Work required: Starting at the line with "Ak Schauspieler Ernst" and ending at the line with "のどぐろが一段落したところで", print exactly the lines of the entries below. Pictures do not belong in the copy.
- - - - -
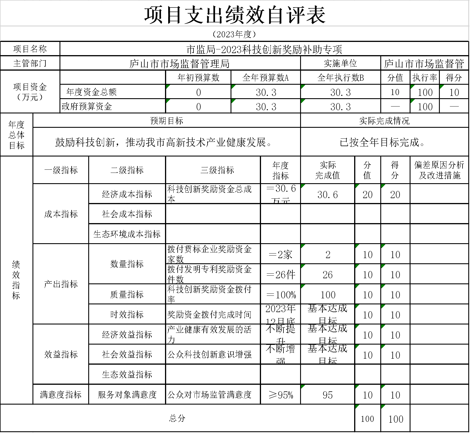 1、本单位“市监局-2023科技创新奖励补助专项”项目支出绩效自评表”如下:
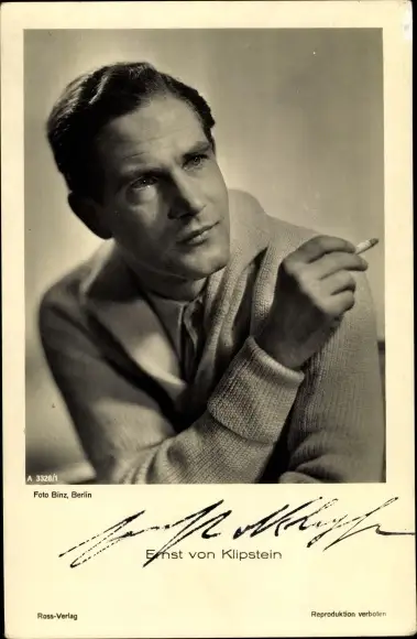 Ak Schauspieler Ernst von Klipstein, Portrait, Zigarette, Autogramm
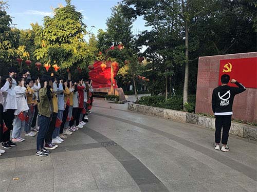此次党日活动共有四项流程。第一项流程,“走中国革命道路,学习中国革命精神”。学生第一党支部书记杨欢带领党员同志回顾中国革命史,从中共一大召开到武昌起义、秋收起义、井冈山精神、长征精神、中华人民共和国成立等,我们党用时间证明我们的道路是正确的,我们当代党员也应该在我们革命先烈铺就的道路上坚定不移地走下去;第二项流程,“缅怀革命先烈,致敬革命英雄”。所有支部党员在革命烈士纪念碑前奏唱《国歌》,致敬英雄,我们今天的生活离不开他们昨日的奋斗,正是因为有了他们,我们才有今日的稳定生活;第三项流程,“不忘入党初心,重温入党誓词”。所有同志面向党旗,庄重宣誓,我们党员应时刻不忘入党初心,牢记入党誓词,时刻保持党员应有的觉悟及信仰;第四项流程,“不忘初心,牢记使命”主题教育学习竞赛。学生第一、第四党支部所有党员同志就“不忘初心,牢记使命”主题教育学习问答题进行抢答。
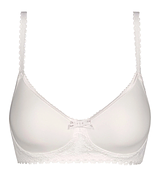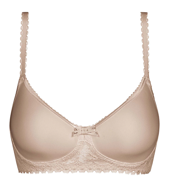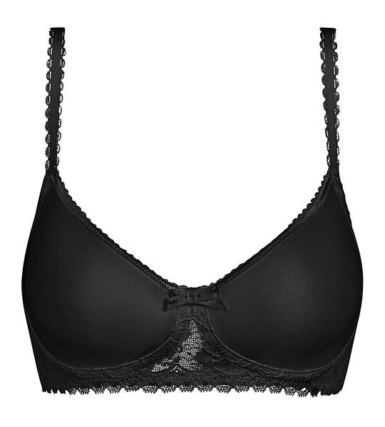Női, enyhén párnázott, merevítő nélküli melltartó, széles pántokkal a tökéletes tartásért és kényelemért, csipkedíszítéssel.
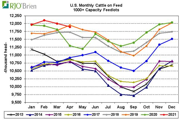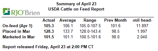 Vendredi en après-midi, il y avait la publication du rapport mensuel Cattle-on-Feed dévoilant le nombre de bœuf en parc d’engraissement. La quantité de bœuf en parc au 1er avril est inférieur aux attentes à 11.9 millions têtes, soit 5.3% de plus que l’an dernier (estimé à +6.1%). Les placements ont été plus faibles que prévus à 2 millions de veaux. Ce rapport aurait dû être positif pour les prix, mais les contrats ont ouvert à la baisse et ce sont légèrement appréciés en fin de journée.
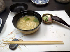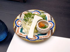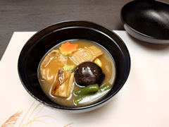 のどぐろが一段落したところで、加賀料理と言えばこれ、治部煮です。近江町市場で食べた昼食でも母のメニューにありましたが、お店によって同じ治部煮でも味が微妙に違うようです。確かに、帰京前の昼食でも治部煮が出ましたが、ここの治部煮とは味が少し違いました。いろいろ食べ比べるのも面白そうですね。
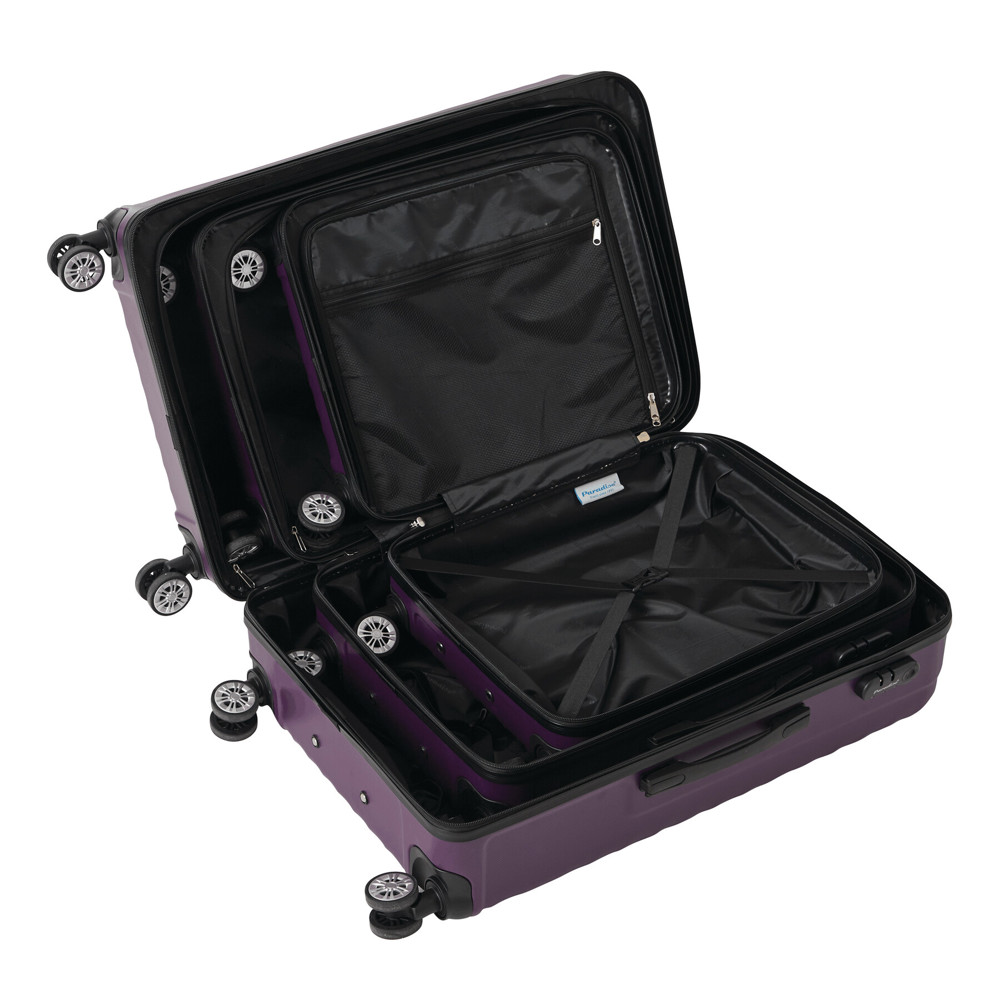 Trolley-Set KINGSTON, 3-teilig: beidseitige Packmöglichkeit, Innenraum mit Raumteiler und Packgurt, Größe XS mit zusätzlichem Netzfach, arretierbares Druckknopf-Trolleysystem, 4-Zwillingsrollen-360°-rundum-Leichtlauf-Fahrwerk, Größe L + XL inkl. Zahlenkombinationsschloss
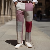 Men's Color Block Patchwork Dress Pants Trousers Suit Pants Mid Waist Vintage Retro Outdoor Vacation Regular Fit Flat-Front Straight Leg Pants with Pockets Summer Spring Fall 3D Print Pink Wine khaki 3
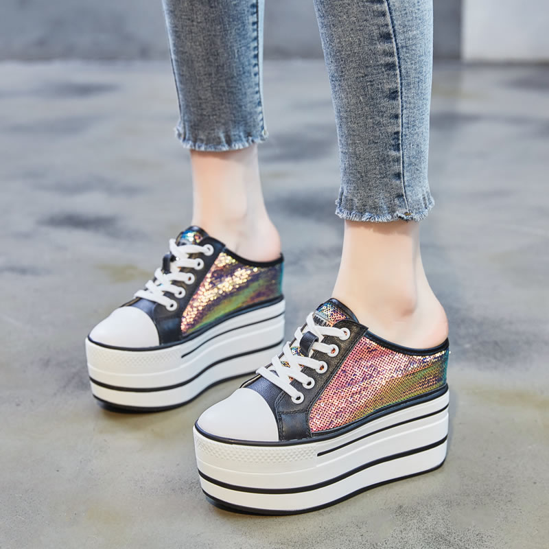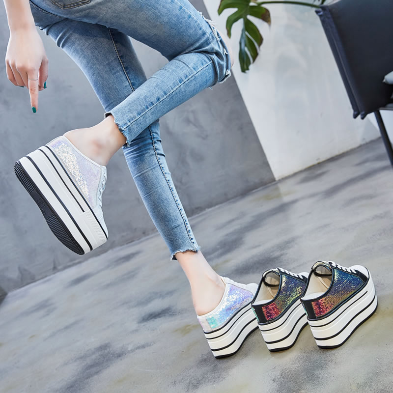 Ultra high heel Baotou Half slipper Women's thick bottom pine pastry outside wearing a foot pedal inside heightening 12cm No heel slippers
- - - - -
Written reply:
 Ak Schauspieler Ernst von Klipstein, Portrait, Zigarette, Autogramm
此次党日活动共有四项流程。第一项流程,“走中国革命道路,学习中国革命精神”。学生第一党支部书记杨欢带领党员同志回顾中国革命史,从中共一大召开到武昌起义、秋收起义、井冈山精神、长征精神、中华人民共和国成立等,我们党用时间证明我们的道路是正确的,我们当代党员也应该在我们革命先烈铺就的道路上坚定不移地走下去;第二项流程,“缅怀革命先烈,致敬革命英雄”。所有支部党员在革命烈士纪念碑前奏唱《国歌》,致敬英雄,我们今天的生活离不开他们昨日的奋斗,正是因为有了他们,我们才有今日的稳定生活;第三项流程,“不忘入党初心,重温入党誓词”。所有同志面向党旗,庄重宣誓,我们党员应时刻不忘入党初心,牢记入党誓词,时刻保持党员应有的觉悟及信仰;第四项流程,“不忘初心,牢记使命”主题教育学习竞赛。学生第一、第四党支部所有党员同志就“不忘初心,牢记使命”主题教育学习问答题进行抢答。
Női, enyhén párnázott, merevítő nélküli melltartó, széles pántokkal a tökéletes tartásért és kényelemért, csipkedíszítéssel.
 Vendredi en après-midi, il y avait la publication du rapport mensuel Cattle-on-Feed dévoilant le nombre de bœuf en parc d’engraissement. La quantité de bœuf en parc au 1er avril est inférieur aux attentes à 11.9 millions têtes, soit 5.3% de plus que l’an dernier (estimé à +6.1%). Les placements ont été plus faibles que prévus à 2 millions de veaux. Ce rapport aurait dû être positif pour les prix, mais les contrats ont ouvert à la baisse et ce sont légèrement appréciés en fin de journée.
 のどぐろが一段落したところで、加賀料理と言えばこれ、治部煮です。近江町市場で食べた昼食でも母のメニューにありましたが、お店によって同じ治部煮でも味が微妙に違うようです。確かに、帰京前の昼食でも治部煮が出ましたが、ここの治部煮とは味が少し違いました。いろいろ食べ比べるのも面白そうですね。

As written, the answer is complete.